Выбрать главу

Вообще Резимон более шумел и привязывался, чем наказывал. Одно только было очень скучно: это частое осматривание ящиков в классных столах (у каждого воспитанника был свой стол) с тем, чтобы найти в них или съестное, или не классную книгу. Иметь съестное или не классную книгу было строжайше запрещено.

С 1829 г. аналитическую геометрию, дифференциальные и интегральные исчисления начал читать в институте, вместо профессора этой части математики инженер-подполковника Ламе{346}, инженер-поручик Янушевский{347}, ныне (1872 г.) действительный статский советник и заслуженный профессор института. Он читал очень хорошо. Все почти науки преподавались тогда на французском языке. О Ламе я буду говорить ниже.

Закон Божий преподавал тот же священник Гаврилов, который преподавал в Строительном училище. Из сорока воспитанников 1-го класса православных было не более 10, и в том числе я и Мольнер{348}. Католикам и лютеранам Закон Божий преподавали их патер и пастор. Рисовать учил дальний мой родственник, майор Зуев, о котором я говорил в I главе этих воспоминаний.
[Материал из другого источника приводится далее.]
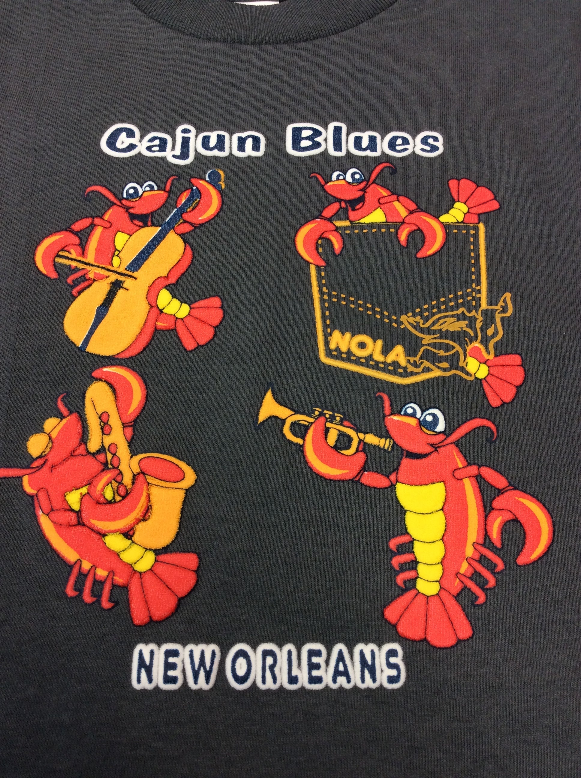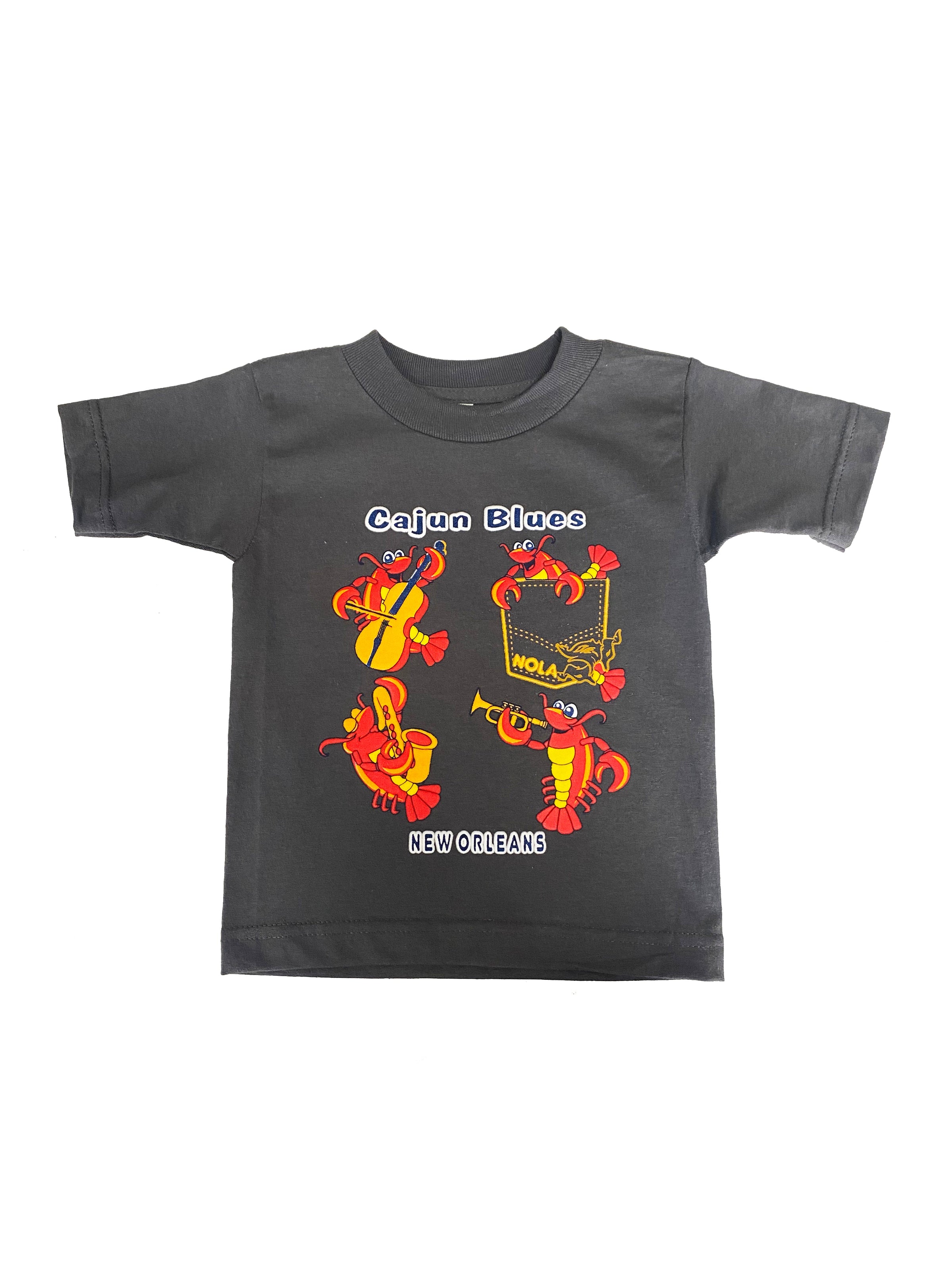 Featuring Cajun Blues graphic with crawfish playing in a jazz band!

Изучение аналитической геометрии и высших математических исчислений было мне легко; достаточно мне было выслушать лекцию, чтобы запомнить ее; я даже отгадывал способы, которые необходимы для преобразования формул с целью получить известные результаты. Я постоянно на репетициях из этих наук получал 10 баллов, т. е. высшие баллы, выставляемые преподавателями на репетициях. До поступления в институт Ястржембского и Пассека в этих науках я не только был первым, но стоял гораздо выше всех моих товарищей. Память у меня была хороша, но тут действовала не одна память, а способность соображать. Эта легкость изучения главного предмета еще более обленила меня, и я почти не повторял уроков из тех предметов, где требовалась одна память. Не мудрено, что я плохо знал эти предметы и получал из них средственные баллы, тогда как при некотором прилежании мог бы получать отличные. Профессор гидрографии Российской Империи инженер-майор Трофимович{349} (умерший в чине генерал-майора), которая также преподавалась на французском языке, заметив, что я хорошо говорю по-французски, объявил мне, что я должен готовиться отвечать из гидрографии на публичном экзамене. Я в своем месте расскажу, как можно было вперед определить, кто из какого предмета будет отвечать на этом экзамене. Для приготовления к публичному экзамену я должен был бы выдолбить наизусть всю гидрографию, к чему у меня не было никакой охоты. Частью поэтому, а частью обиженный тем, что буду на публичном экзамене отвечать из гидрографии, а не из главного предмета, изучение которого так легко мне доставалось, я отвечал Трофимовичу, что я далеко не из лучших воспитанников по познаниям в гидрографии, а чтобы совсем его отвлечь от мысли заставлять меня отвечать из гидрографии на публичном экзамене, я совсем перестану изучать ее. Трофимович погрозил мне тем, что он лично доложит герцогу Виртембергскому о моем нерадении, что он настоит, чтобы я за это нерадение оставлен был на другой год в классе, и что никакие успехи в математике мне не помогут. Он был в милости у герцога и мог бы мне повредить. Но я продолжал лениться по-прежнему, и лень моя не имела дурных последствий.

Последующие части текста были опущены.